The core technology of Yonsei University is to provide promising anti-obesity agents, a series of ‘SynLeptin’ peptides. The SynLeptin peptides exhibits anti-obesity activities by distinctly various actions suchc as reducing fat mass, decreasing food intake, increasisng fat oxidation, increasing energy expenditure and body temperature and increasing appetite suppressor.
Obesity is a pathologic disorder caused by excess fat accumulation in various tissues. Excess food-intake of high fat content, lack of exercise, and genetic, environmental and psychological factors are the causes of obesity. Obsesity is considered as a direct or indirect cause of diabetes mellitus, cardiovascular diseases and short life expectation. A multitue of approaches and researches have been made to prevent and treat obesity but have finally failed to effectively treat obesity. Although many patients make various efforts such as diet-control, rigorous exercise and chemotherapy to prevent and treat obesity, they tend to return to obese state when they stop those efforts.

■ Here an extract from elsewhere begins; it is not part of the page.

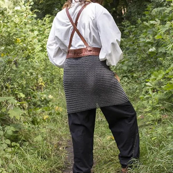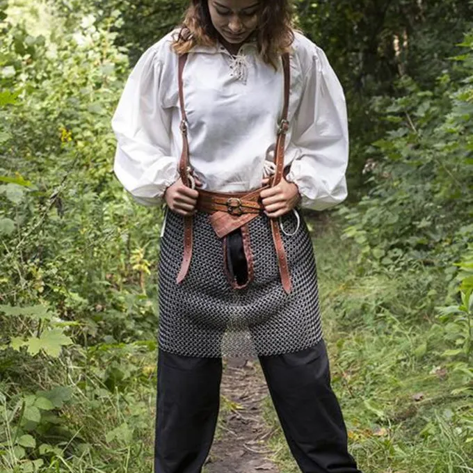 Denne nederdel er ideel til at bære under en kyrads. Den læderbælte giver dig mulighed for at fastgøre det omkring taljen. To læder skulderstropper gør det behageligt at have på. Den chainmail skørt er fremstillet af butted mildsteel ringe i et 4: 1 konstruktion.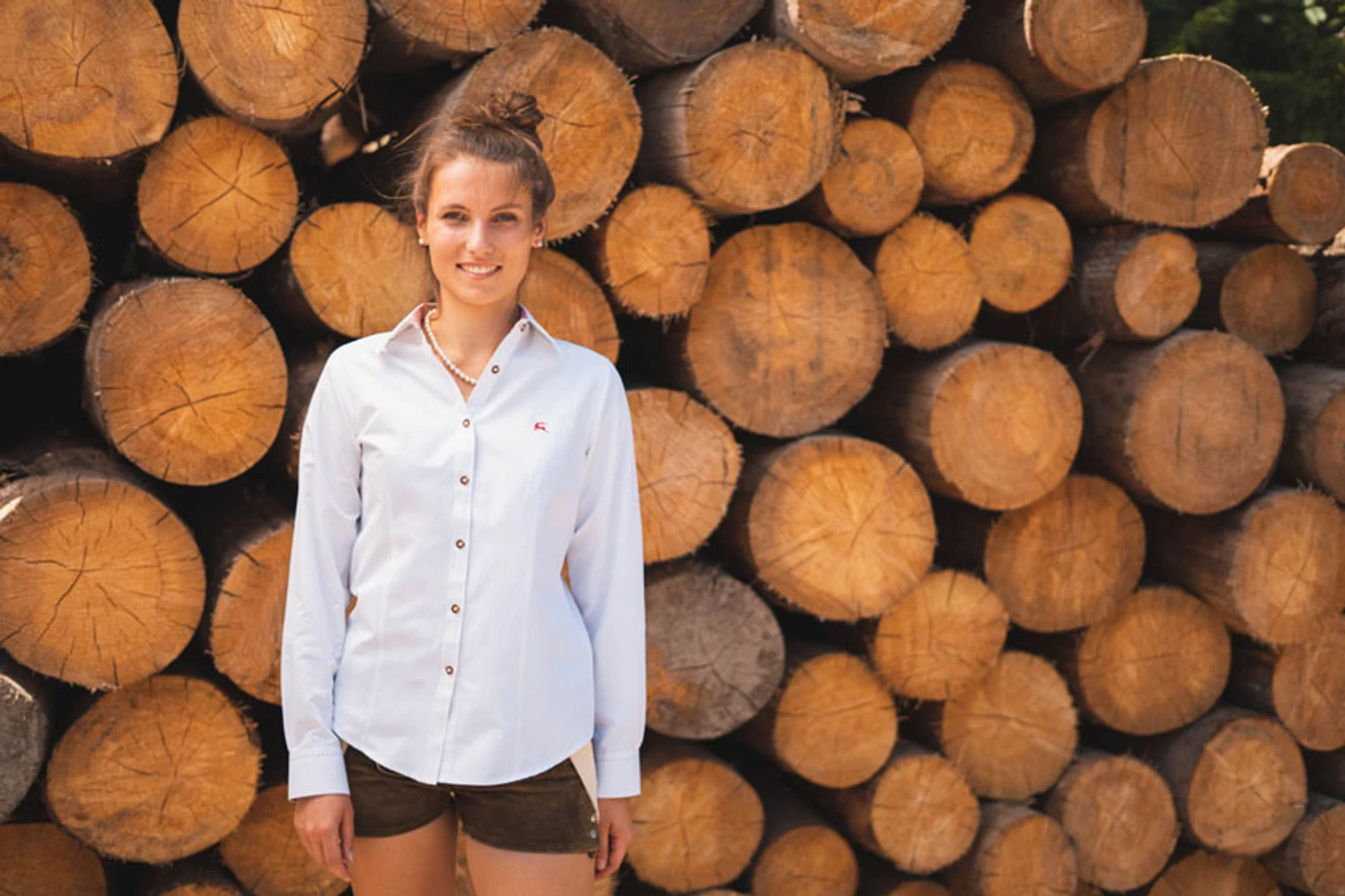 OS-Trachtenbluse aus einem richtig feinen Satinstoff. Der edle Glanz verleiht diesem Stück eine tolle festliche Optik. Die Ziersteppungen am Kragen und den Manschetten machen sie jung und modern. Täuschend echt immitierte Hirschhornknöpfe und der dynamische Hirschstick fügen sich in jedes Trachten-Outfit prefekt ein.

SynLeptin of Yonsei University has been developed on the basis of findings that the Tat polypeptide derived from HIV (Human Immunodeficiency Virus) and various peptides derived from Tat have excellent anti-obesity activity. Among Tat-derived peptides, two peptides originated from Tat that are called SynLeptin-1 and SynLeptin-2, respectively, are very effective in reducing the fat mass in vivo. SynLeptin-1 comprisese 71 amino acid residues of Tat and SynLeptin-2, 86 amino acid residues of Tat. The rabbits subcutanesouly administered with the two peptides were observed to be decreaseed in body weight. Among two peptides, SynLeptin-2 has been analzyed to exhibit more prominent inhibition action to fat mass than SynLeptin-1. The representative analysis results of SynLeptin-2 for anti-obesity activities are as follows: The SynLeptin-2 peptide was prepared in the fusion form with GST (glutathione-S-transferase).

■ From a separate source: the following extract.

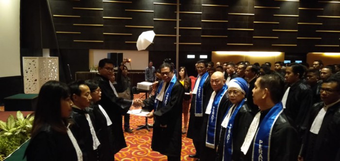 Perhimpunan Advokat Indonesia (Peradi) Palembang menggelar pelantikan dan pengambilan sumpah advokat Peradi tahun 2019 di wilayah Peradilan Tinggi Palembang , di ballroom Hotel Aston, Palembang, Kamis (11/7).Sebanyak 139 advokat dari total 141 advokat baru yang semestinya dilantik.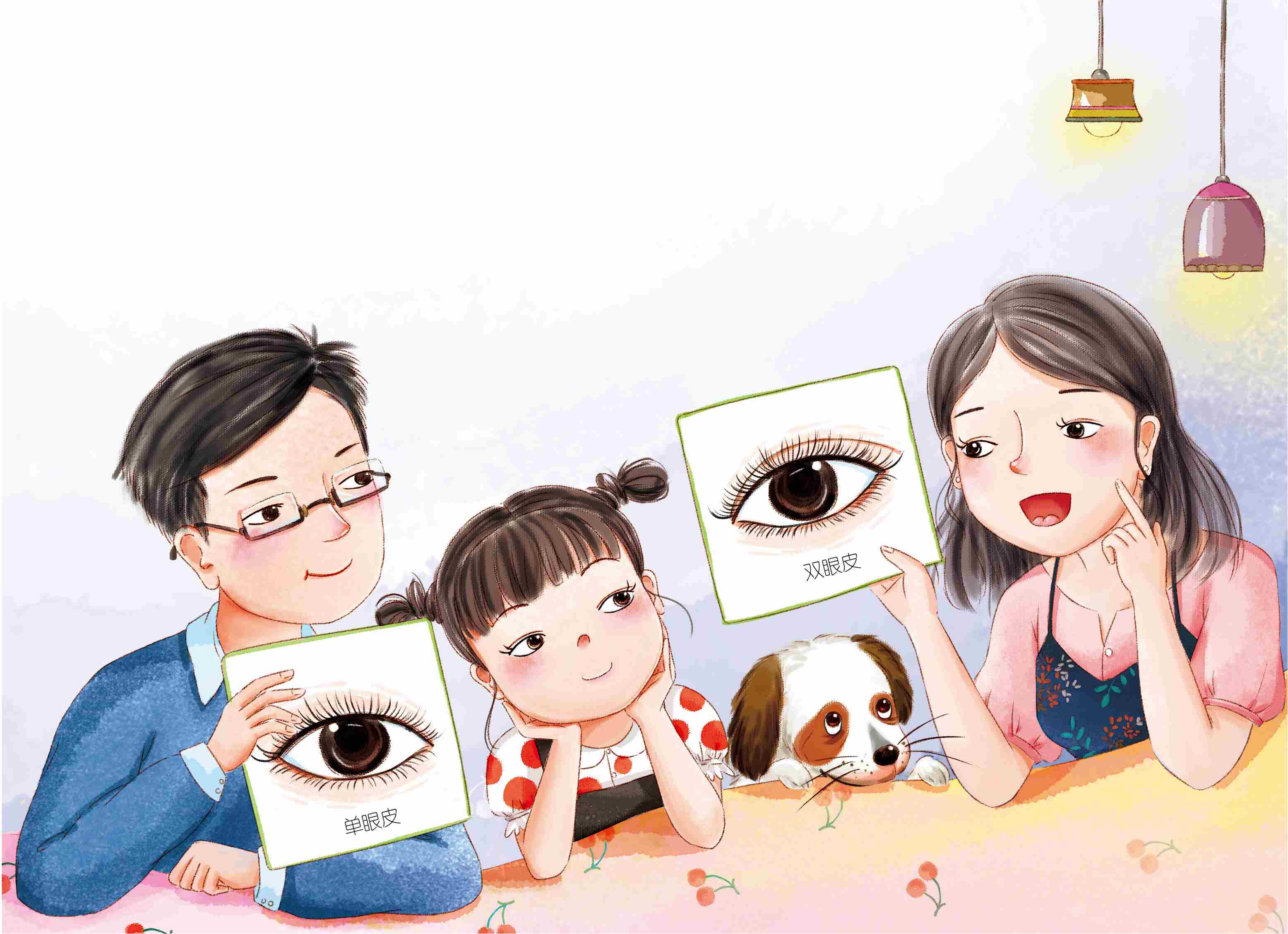 我们是单眼皮还是双眼皮,是由父母的遗传基因决定的哦。小朋友,你是双眼皮还是单眼皮?爸爸妈妈呢?

The subcutaneous injection of GST-SynLeptin-2 exhibited an average of 10.73 g reduction in body weight compared with control mice as determined on day 100 post-treatment.

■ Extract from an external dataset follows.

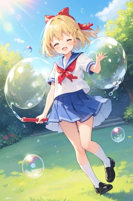 1girl, short blonde hair, blue eyes, (hair bow:1.3),(red bow:1),red ribbons on both sides of head, smiling happily, standing, facing forward, looking at other girl, very detailed face, eyes, hair, skin.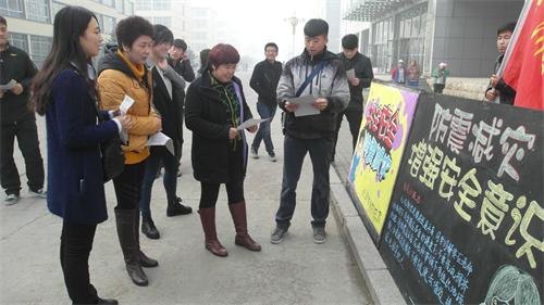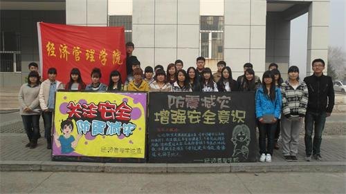 继吉林省松原市前郭尔罗斯蒙古族自治县发生5.5级地震后,为了普及防震减灾知识,进一步增强师生防震减灾和自我保护意识。2013年11月1日上午11:00,经济管理学院在大学生餐饮中心楼前举办了以“普及防震知识 增强减灾意识”为主题的防震减灾宣传活动。

The SynLeptin-2 peptide decreases food intake by appetite inhibitory action, which can be reversed by appetite stimulant AGRP.
The pharmacokinetics of SynLeptin-2 has been studied by our laboratory (see Shin BS, et al. (2007) Pharmacokinetics of GST-TatdMt, a recombinant fusion protein possessing potent anti-obesity activity, in mice. Arch Pharm Res. 30(9):1162-7). The absolute bioavailability of SynLeptin-2 was 42.8% and 60.5% after p.o. and i.p. administration, respectively. Given the cell-penetrating potential, SynLeptin-2 may be absorbed into the systemic circulation to a relatively high extent after extravascular administration such as subcutaneous administration.